Reputation: 13
I would like to read-in a number of CSV files (~50), run a number of operations, and then use write.csv()
to output a master file. Since the CSV files are on the larger side (~80 Mb), I was wondering if it might be more efficient to open two instances of R, reading-in half the CSVs on one instance, and half on the other. Then I would write each to a large CSV, read-in both CSVs, and combine them into a master CSV. Does anyone know if running two instances of R will improve the time it takes to read-in all the csv's?
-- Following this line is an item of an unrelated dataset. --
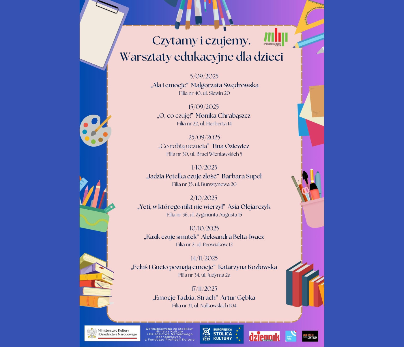 Z radością informujemy, że projekt „Czytamy i czujemy. Warsztaty edukacyjne dla dzieci”, zgłoszony do programu Partnerstwo dla książki, otrzymał dofinansowanie Ministerstwa Kultury i Dziedzictwa Narodowego.
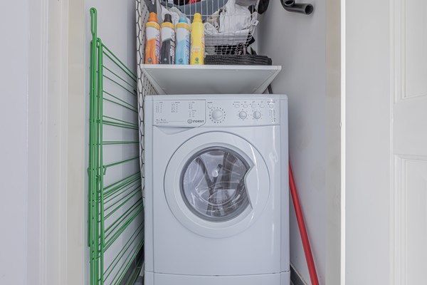 The hallway provides access to the bathroom with a washbasin and walk-in shower. There is a separate toilet and a utility closet housing the central heating system and washing machine connection.

I'm using a Macbook Pro OSX 10.6 with 4Gb RAM.
Upvotes: 1
Views: 178
Reputation: 4414
read.table() and related can be quite slow. The best way to tell if you can benefit from parallelization is to time your R script, and the basic reading of your files. For instance, in a terminal:
time cat *.csv > /dev/null
If the "cat" time is significantly lower, your problem is not I/O bound and you may parallelize. In which case you should probably use the parallel package, e.g
library(parallel)
csv_files <- c(.....)
my_tables <- mclapply(csv_files, read.csv)
Upvotes: 1
Reputation: 176698
If the majority of your code execution time is spent reading the files, then it will likely be slower because the two R processes will be competing for disk I/O. But it would be faster if the majority of the time is spent "running a number of operations".
Upvotes: 2